Optimal timeframes & summary
Evidence-based guidelines, where they exist, should inform timeframes. Treatment teams need to recognise that shorter timeframes for appropriate consultations and treatment can promote a better experience for patients. Three steps in the pathway specify timeframes for care. They are designed to help patients understand the timeframes in which they can expect to be assessed and treated, and to help health services plan care delivery in accordance with expert-informed time parameters to meet the expectation of patients.

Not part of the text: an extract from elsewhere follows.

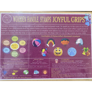 Designed for little hands, the Joyful Grips Stamp Set makes stamping fun and easy while enhancing creativity and fine motor skills. This set includes 8 wooden round-handled stamps for a comfortable grip, a food color-based ink pad for safe and vibrant stamping, and a 100-sheet paper pad for endless creative exploration. An engaging activity booklet provides guided fun, while the included cleaning foam ensures easy maintenance. A sturdy wooden storage tray keeps everything organized, making it perfect for both classrooms and home. Ideal for early learners, this set encourages hands-on play, creativity, and learning through art.
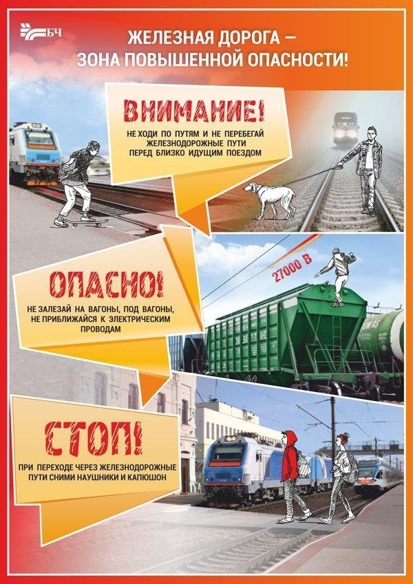 ️Белорусская железная дорога призывает граждан соблюдать правила безопасности при нахождении на железнодорожных путях и вблизи железнодорожного полотна:

These timeframes are based on expert advice from the Pancreatic Cancer Working Group.
Timeframes for care
Step in pathway |
Care point |
Timeframe |
Presentation, initial investigations and referral |
Signs and symptoms |
Presenting symptoms should be promptly and clinically triaged with a health professional |
Initial investigations initiated by GP |
Patients who present with jaundice should be referred for tests within 48 hours and followed up rapidly Other symptoms require review within 2 weeks |
|
Referral to specialist |
Patients with suspected or proven pancreatic cancer should be seen by a specialist within 1 week of referral to the specialist |
|
Diagnosis, staging and treatment planning |
Diagnosis and staging |
Diagnostic and staging investigations should be completed within 2 weeks of referral |
Multidisciplinary meeting and treatment planning |
The patient case must be discussed within 1 week of completion of the diagnostic and staging investigations and a management plan finalised |
|
Treatment |
Surgery |
Surgery should be undertaken within 4 weeks of initial diagnosis, depending on urgency and modality |
Systemic chemotherapy and/or radiation therapy |
Treatment should begin within 4 weeks of initial diagnosis, depending on urgency and modality Adjuvant chemotherapy in the postoperative setting should begin within 12 weeks of surgery |
Seven steps of the optimal care pathway
Step 1: Prevention and early detection
Step 2: Presentation, initial investigations and referral
Step 3: Diagnosis, staging and treatment planning
Step 4: Treatment
Step 5: Care after initial treatment and recovery
Step 6: Managing recurrent, residual or metastatic disease
Step 7: End-of-life care
In Australia the incidence of pancreatic cancer has remained stable over the past three decades, with 10 cases per 100,000 people in 1982 and 12 cases per 100,000 people in 2016 (Cancer Australia 2020b). The average age at diagnosis is 72.8 years (AIHW 2017a). Pancreatic cancer has a very poor prognosis, and five-year survival rates are extremely low. Median survival from diagnosis ranges from 10 to 30 months (Lambert el al. 2019). In Australia over the past three decades the five-year survival rate has increased slightly from 3.2 per cent between 1987 and 1991 to 11 per cent between 2012 and 2016 (Cancer Australia 2020b). Despite the increase in survival, pancreatic cancer still has the lowest survival rate of all cancer types, with mortality-to-incidence ratio approaching 1 (0.83; Cancer Australia 2019b). Even if there are good initial treatment outcomes, the recurrence rate is very high. Given the poor prognosis of this cancer at present, for most patients, treatment is often given with palliative, rather than curative, intent. Early specialist palliative care will be required for patients with pancreatic cancer.
This optimal care pathway covers pancreatic adenocarcinoma. Pancreatic neuroendocrine tumours (PNETs) are not included in this pathway, given the differences in the risk factors and management of these tumours.